[Stored items from a collection]
§
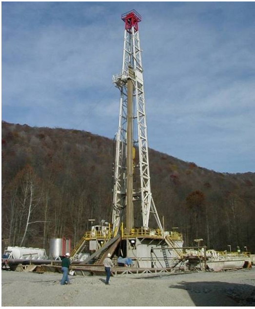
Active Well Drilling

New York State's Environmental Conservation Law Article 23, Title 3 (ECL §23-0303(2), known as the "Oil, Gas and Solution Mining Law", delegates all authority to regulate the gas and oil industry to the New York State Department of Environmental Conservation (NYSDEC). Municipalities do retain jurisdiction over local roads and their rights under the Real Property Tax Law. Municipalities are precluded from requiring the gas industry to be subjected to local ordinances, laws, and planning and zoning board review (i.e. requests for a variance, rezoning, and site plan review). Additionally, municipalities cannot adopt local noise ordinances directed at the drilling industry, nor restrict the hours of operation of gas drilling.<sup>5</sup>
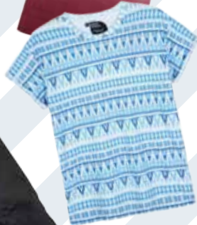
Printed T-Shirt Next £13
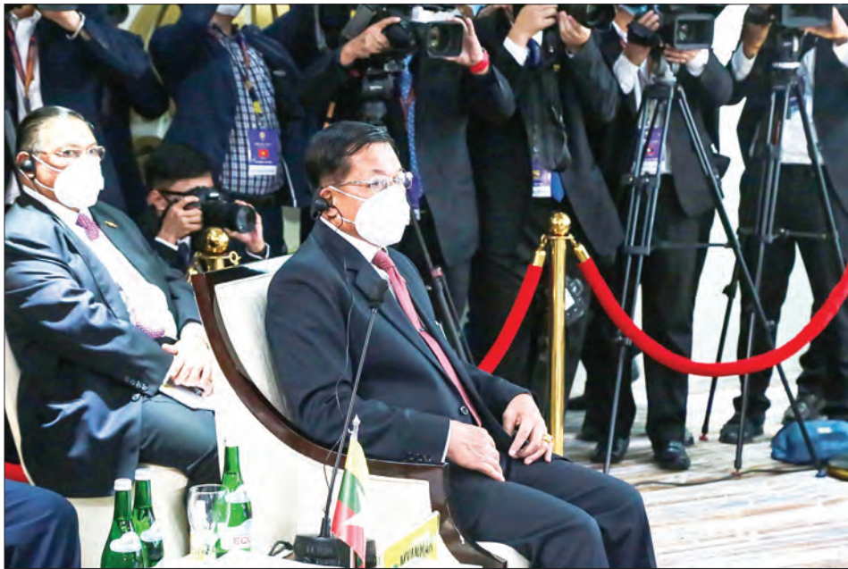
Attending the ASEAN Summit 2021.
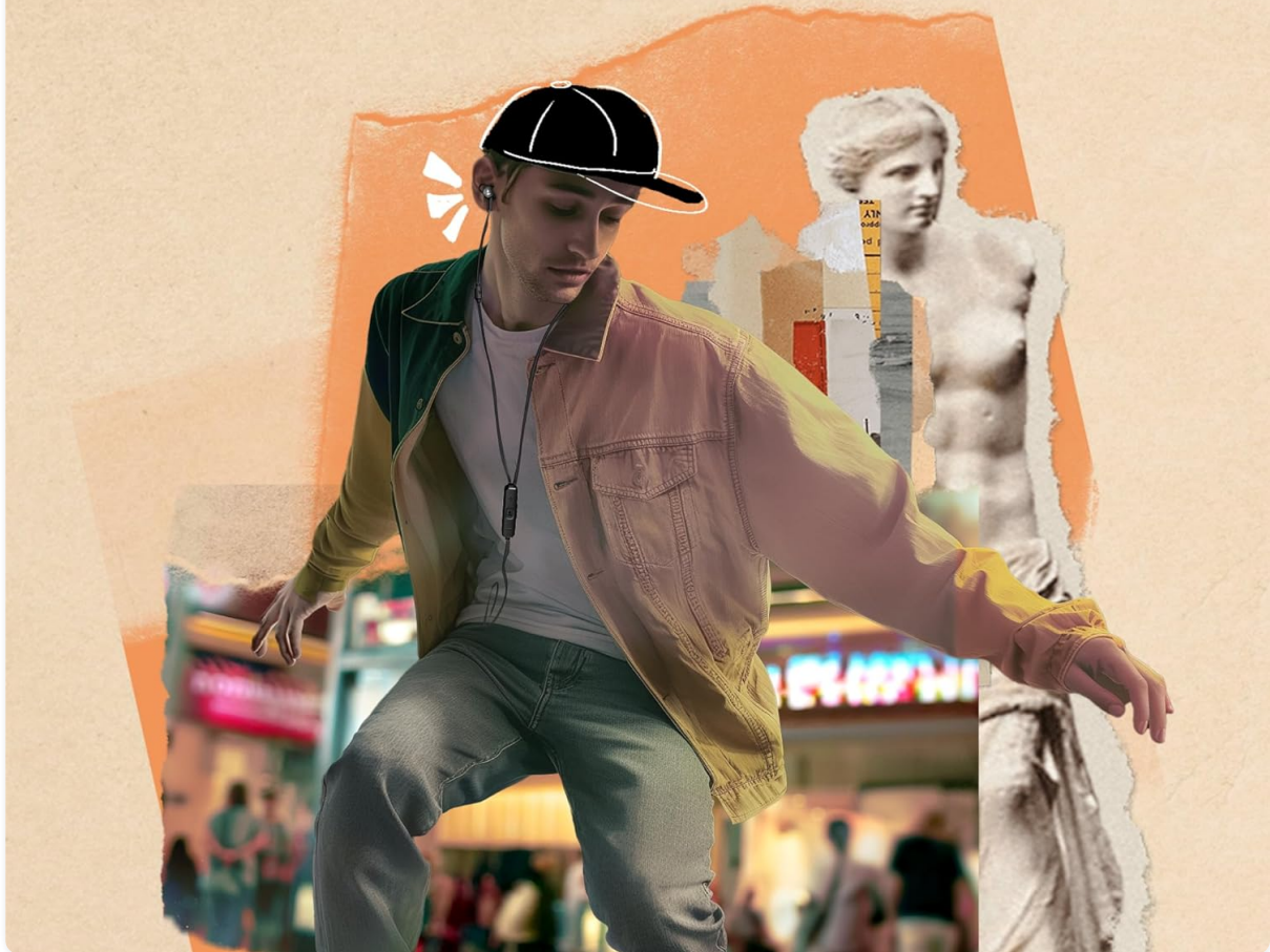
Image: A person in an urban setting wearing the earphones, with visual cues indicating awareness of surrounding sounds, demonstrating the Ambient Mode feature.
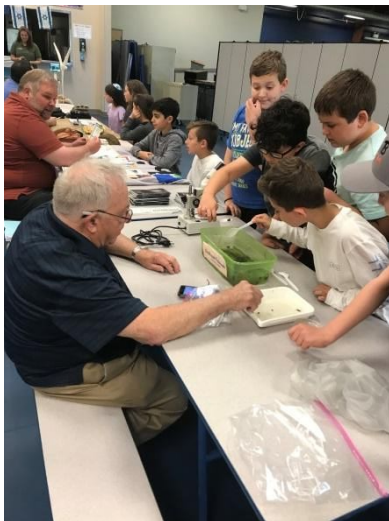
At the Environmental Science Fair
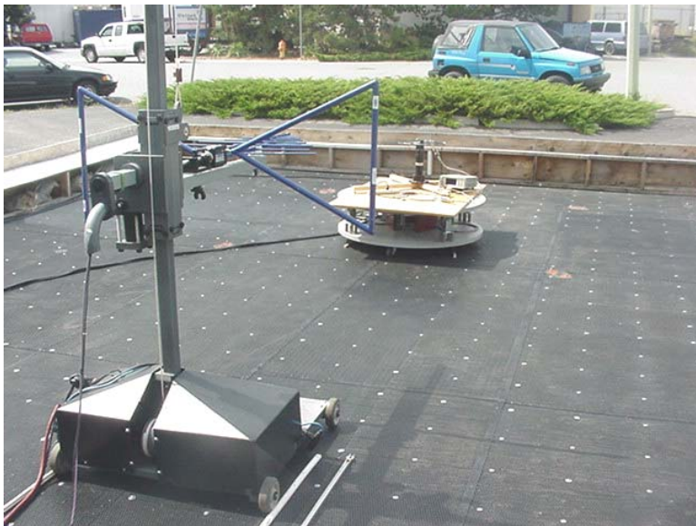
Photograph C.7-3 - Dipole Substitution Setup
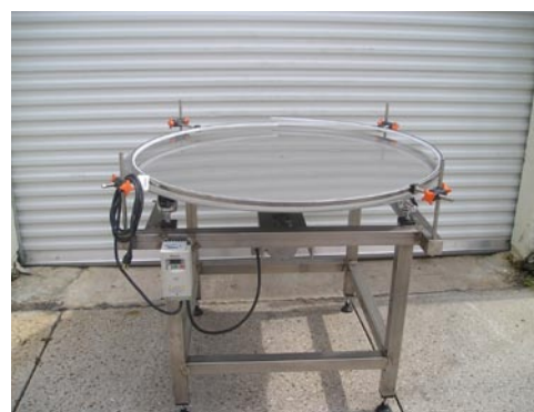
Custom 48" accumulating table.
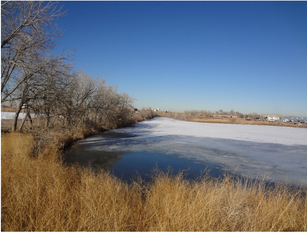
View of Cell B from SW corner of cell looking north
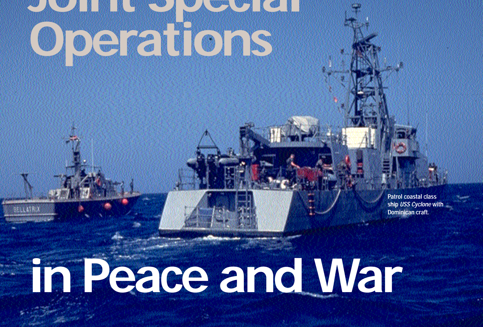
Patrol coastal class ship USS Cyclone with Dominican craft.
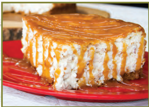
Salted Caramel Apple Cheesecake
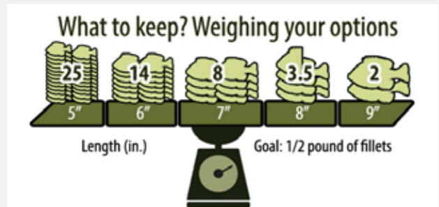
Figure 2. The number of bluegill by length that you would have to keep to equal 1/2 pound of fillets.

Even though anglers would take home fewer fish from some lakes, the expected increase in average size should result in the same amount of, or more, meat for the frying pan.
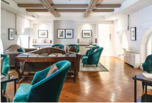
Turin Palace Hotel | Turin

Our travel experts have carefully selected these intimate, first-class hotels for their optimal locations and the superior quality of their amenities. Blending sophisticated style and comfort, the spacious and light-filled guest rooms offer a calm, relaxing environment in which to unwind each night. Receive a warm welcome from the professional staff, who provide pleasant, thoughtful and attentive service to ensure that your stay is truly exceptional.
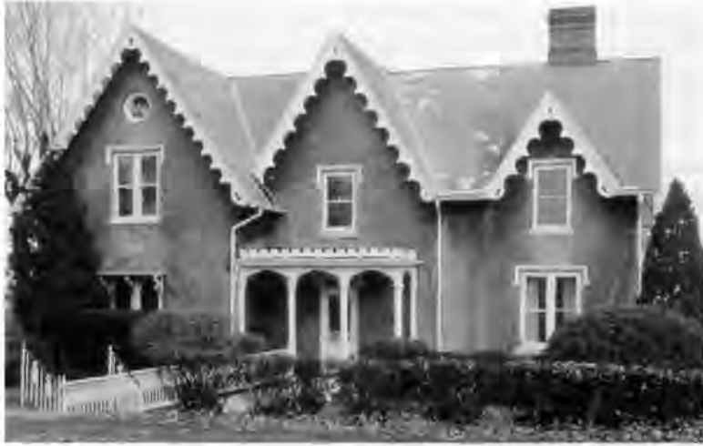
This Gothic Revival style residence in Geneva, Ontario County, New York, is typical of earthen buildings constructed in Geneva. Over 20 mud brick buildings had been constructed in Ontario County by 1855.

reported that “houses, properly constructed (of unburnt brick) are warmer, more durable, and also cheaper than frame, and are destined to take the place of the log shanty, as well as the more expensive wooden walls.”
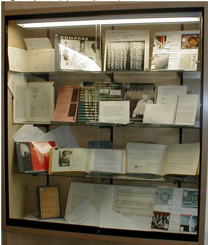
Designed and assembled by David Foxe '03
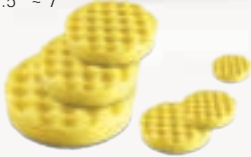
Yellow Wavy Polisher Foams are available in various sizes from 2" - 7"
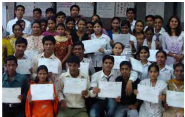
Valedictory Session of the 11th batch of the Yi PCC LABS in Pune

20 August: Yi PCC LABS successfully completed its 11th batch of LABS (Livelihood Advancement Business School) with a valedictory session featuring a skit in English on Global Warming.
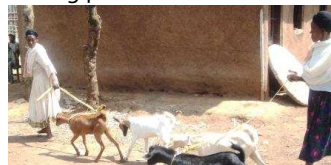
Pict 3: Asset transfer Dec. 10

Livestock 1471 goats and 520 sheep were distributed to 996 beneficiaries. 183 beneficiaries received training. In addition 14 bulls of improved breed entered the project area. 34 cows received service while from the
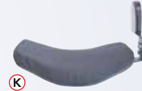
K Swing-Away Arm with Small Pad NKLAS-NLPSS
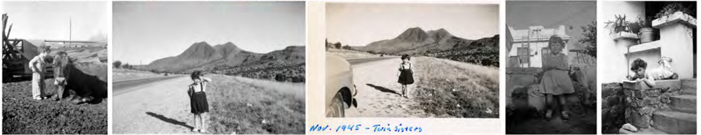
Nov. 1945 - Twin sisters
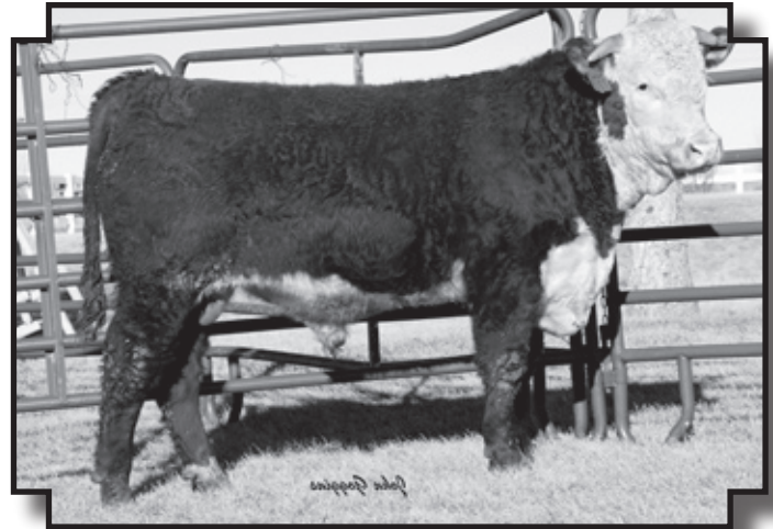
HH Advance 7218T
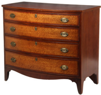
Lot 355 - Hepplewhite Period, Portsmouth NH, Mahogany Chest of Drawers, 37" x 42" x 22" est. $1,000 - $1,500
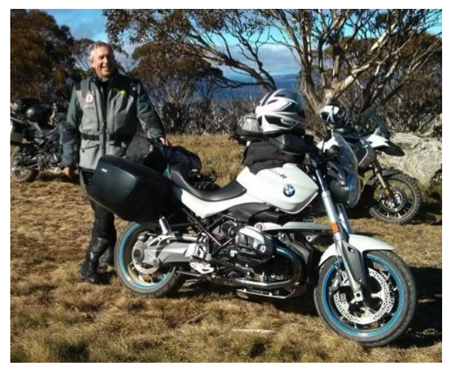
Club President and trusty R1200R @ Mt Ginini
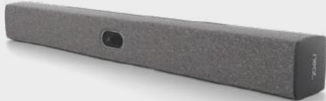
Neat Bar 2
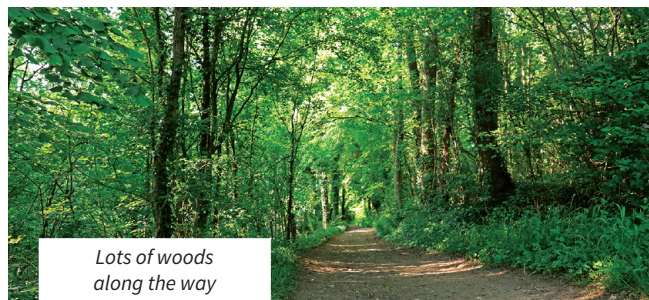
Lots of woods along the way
§
> **Problem description**: Would you copy, word for word, only the lines above from the one containing "Salted Caramel Apple Cheesecake" through the one containing "Our travel experts", both included, and please leave out the pictures?

> **Solution to this problem**:
Salted Caramel Apple Cheesecake
Figure 2. The number of bluegill by length that you would have to keep to equal 1/2 pound of fillets.

Even though anglers would take home fewer fish from some lakes, the expected increase in average size should result in the same amount of, or more, meat for the frying pan.
Turin Palace Hotel | Turin

Our travel experts have carefully selected these intimate, first-class hotels for their optimal locations and the superior quality of their amenities. Blending sophisticated style and comfort, the spacious and light-filled guest rooms offer a calm, relaxing environment in which to unwind each night. Receive a warm welcome from the professional staff, who provide pleasant, thoughtful and attentive service to ensure that your stay is truly exceptional.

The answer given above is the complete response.